*Assignment*
Take the entries below and print only the lines from the one with "ເຫັດຫຼົງຈີ່ຂອບຂາວ Ganoderma tsugae Murrill" through the one with "Day1 で破損したマシンを直して Day2", exactly as they stand, both ends included.

*Records supplied*
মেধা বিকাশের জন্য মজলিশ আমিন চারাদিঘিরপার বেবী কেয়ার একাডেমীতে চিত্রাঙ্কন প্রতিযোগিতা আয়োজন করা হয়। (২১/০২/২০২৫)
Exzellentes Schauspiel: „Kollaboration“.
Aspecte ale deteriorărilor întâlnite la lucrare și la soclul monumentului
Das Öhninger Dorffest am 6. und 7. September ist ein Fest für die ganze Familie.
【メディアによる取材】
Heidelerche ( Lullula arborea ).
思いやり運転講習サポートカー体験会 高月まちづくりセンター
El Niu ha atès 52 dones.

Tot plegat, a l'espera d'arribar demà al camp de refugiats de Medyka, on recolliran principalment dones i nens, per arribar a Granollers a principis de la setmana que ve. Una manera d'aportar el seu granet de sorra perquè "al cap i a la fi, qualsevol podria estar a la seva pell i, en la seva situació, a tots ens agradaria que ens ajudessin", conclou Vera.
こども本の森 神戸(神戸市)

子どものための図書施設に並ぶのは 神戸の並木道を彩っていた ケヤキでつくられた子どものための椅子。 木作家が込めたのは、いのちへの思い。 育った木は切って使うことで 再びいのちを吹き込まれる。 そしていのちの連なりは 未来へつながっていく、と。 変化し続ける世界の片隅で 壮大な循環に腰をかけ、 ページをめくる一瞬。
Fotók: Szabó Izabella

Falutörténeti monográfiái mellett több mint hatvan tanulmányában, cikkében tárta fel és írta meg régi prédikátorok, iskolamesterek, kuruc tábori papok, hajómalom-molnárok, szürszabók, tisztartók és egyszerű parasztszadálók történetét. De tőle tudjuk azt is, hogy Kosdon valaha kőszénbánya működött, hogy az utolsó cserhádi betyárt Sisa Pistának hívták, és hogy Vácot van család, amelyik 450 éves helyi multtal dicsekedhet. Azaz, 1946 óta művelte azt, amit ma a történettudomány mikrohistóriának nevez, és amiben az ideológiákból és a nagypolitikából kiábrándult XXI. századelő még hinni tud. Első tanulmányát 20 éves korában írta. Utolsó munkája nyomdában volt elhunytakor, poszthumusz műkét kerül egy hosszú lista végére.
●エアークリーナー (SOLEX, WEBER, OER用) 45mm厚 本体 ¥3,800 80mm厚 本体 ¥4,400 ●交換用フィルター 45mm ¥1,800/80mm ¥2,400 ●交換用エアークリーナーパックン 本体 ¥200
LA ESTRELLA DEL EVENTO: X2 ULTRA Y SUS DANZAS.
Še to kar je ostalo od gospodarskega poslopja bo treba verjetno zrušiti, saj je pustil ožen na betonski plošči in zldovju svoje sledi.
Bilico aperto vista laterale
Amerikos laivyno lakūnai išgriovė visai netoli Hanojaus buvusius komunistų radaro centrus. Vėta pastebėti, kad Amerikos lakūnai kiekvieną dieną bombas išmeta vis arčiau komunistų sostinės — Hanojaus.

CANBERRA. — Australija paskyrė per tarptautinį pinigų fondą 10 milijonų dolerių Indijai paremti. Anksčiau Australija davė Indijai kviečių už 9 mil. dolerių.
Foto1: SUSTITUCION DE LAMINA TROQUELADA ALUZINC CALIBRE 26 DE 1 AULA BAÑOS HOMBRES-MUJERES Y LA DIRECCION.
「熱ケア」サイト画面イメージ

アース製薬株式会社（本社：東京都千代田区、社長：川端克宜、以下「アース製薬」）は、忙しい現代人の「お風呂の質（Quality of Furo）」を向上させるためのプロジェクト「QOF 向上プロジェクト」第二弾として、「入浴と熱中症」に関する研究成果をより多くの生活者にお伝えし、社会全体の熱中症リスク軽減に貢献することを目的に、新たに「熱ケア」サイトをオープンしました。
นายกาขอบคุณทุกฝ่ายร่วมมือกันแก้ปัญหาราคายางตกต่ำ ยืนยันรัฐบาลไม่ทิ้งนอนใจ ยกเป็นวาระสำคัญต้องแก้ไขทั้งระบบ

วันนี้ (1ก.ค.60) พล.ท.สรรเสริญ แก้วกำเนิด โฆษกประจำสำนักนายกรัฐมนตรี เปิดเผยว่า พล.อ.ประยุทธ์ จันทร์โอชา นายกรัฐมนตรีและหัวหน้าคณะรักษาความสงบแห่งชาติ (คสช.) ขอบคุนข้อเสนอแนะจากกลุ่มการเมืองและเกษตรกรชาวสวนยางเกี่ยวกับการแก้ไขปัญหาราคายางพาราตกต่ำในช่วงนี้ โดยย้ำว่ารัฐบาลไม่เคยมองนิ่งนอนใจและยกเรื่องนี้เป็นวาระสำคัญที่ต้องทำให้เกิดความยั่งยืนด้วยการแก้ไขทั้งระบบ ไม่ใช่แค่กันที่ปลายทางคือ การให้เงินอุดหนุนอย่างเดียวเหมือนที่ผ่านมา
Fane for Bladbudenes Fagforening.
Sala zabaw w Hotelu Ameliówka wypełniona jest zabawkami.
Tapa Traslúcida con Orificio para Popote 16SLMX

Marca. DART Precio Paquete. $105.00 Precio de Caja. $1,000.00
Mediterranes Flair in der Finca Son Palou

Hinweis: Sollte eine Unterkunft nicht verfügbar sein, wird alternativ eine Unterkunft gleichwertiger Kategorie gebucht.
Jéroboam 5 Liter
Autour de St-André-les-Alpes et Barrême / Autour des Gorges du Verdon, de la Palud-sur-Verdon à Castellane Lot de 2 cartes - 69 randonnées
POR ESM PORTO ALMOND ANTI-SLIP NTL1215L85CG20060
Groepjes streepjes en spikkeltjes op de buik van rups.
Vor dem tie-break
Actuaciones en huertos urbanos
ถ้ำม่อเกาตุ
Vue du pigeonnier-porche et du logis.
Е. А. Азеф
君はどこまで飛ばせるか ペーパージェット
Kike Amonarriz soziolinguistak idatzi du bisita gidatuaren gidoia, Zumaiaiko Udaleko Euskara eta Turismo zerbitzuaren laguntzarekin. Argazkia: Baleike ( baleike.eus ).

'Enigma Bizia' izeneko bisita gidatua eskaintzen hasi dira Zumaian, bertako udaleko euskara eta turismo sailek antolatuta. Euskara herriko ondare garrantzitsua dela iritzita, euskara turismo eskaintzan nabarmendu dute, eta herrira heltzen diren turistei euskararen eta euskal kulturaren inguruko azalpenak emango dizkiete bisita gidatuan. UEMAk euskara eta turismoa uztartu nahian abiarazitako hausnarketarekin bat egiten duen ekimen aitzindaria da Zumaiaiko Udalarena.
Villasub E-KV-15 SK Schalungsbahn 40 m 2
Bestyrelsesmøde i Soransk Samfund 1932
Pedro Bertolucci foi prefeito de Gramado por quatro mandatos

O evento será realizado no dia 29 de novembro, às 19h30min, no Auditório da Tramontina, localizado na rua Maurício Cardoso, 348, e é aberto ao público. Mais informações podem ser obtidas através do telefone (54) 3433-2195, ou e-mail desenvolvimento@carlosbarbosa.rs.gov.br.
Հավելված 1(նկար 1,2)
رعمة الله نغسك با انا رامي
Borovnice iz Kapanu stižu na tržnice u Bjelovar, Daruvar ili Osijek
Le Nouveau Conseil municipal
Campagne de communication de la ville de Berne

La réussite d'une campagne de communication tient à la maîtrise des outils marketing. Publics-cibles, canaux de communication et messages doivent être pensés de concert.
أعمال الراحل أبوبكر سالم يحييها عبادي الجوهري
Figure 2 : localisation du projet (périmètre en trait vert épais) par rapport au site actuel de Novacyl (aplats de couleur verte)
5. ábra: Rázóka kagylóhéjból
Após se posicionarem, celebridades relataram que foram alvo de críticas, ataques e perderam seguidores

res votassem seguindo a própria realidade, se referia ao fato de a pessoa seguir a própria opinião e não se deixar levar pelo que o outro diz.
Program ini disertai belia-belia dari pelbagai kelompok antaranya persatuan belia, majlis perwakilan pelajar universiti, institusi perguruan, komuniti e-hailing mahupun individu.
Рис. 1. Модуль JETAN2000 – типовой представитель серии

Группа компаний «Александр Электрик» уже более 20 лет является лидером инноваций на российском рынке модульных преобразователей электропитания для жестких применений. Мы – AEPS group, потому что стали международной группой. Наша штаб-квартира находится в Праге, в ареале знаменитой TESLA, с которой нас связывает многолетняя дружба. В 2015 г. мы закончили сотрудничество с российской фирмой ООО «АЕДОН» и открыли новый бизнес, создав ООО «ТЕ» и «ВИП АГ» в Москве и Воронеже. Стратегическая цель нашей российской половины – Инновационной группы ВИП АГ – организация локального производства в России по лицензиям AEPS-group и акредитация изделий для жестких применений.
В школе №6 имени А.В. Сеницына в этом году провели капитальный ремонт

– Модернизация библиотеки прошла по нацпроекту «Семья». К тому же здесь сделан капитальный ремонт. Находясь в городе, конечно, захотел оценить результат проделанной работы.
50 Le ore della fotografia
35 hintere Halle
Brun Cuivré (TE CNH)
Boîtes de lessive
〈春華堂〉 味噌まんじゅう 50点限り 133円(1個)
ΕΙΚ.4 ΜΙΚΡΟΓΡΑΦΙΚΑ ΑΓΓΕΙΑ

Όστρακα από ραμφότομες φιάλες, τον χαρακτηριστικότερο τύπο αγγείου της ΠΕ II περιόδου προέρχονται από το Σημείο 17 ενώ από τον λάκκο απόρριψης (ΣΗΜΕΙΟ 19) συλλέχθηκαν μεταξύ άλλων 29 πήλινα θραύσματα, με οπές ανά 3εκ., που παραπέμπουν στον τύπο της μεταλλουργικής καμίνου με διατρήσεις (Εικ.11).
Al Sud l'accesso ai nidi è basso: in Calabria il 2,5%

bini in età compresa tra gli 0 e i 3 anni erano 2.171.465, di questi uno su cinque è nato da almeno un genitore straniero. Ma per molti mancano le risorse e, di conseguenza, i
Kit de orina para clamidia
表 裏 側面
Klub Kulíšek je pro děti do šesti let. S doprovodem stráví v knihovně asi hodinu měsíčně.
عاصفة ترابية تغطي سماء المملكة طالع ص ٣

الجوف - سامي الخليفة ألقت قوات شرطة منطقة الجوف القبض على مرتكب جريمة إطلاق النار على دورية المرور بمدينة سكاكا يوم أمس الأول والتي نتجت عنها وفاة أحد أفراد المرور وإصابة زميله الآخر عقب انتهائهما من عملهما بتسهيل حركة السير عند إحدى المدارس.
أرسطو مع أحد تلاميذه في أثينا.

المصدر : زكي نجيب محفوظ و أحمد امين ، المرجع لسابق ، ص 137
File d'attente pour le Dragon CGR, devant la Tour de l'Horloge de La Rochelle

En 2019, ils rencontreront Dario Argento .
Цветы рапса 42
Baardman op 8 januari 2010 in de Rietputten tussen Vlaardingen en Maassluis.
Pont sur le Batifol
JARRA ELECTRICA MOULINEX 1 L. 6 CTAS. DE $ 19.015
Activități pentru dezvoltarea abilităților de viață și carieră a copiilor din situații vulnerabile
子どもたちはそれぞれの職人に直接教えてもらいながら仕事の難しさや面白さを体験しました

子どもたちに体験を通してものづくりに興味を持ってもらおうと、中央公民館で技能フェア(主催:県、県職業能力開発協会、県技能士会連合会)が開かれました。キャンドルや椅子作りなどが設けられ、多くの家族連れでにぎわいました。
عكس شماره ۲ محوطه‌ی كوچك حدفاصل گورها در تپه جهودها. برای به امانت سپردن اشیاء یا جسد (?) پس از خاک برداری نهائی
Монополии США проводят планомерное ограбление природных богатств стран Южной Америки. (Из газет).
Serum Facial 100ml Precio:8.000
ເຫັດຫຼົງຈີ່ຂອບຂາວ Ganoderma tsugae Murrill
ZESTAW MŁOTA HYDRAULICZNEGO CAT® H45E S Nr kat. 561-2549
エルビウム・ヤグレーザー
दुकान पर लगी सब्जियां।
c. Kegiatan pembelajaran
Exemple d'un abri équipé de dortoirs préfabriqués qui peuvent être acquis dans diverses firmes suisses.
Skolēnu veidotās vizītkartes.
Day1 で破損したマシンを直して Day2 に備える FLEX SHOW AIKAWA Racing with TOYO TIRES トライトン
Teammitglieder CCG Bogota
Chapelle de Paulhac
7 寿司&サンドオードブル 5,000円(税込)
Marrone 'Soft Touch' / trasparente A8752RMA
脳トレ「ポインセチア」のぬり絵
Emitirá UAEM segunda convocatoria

*Output for this task*
ເຫັດຫຼົງຈີ່ຂອບຂາວ Ganoderma tsugae Murrill
ZESTAW MŁOTA HYDRAULICZNEGO CAT® H45E S Nr kat. 561-2549
エルビウム・ヤグレーザー
दुकान पर लगी सब्जियां।
c. Kegiatan pembelajaran
Exemple d'un abri équipé de dortoirs préfabriqués qui peuvent être acquis dans diverses firmes suisses.
Skolēnu veidotās vizītkartes.
Day1 で破損したマシンを直して Day2 に備える FLEX SHOW AIKAWA Racing with TOYO TIRES トライトン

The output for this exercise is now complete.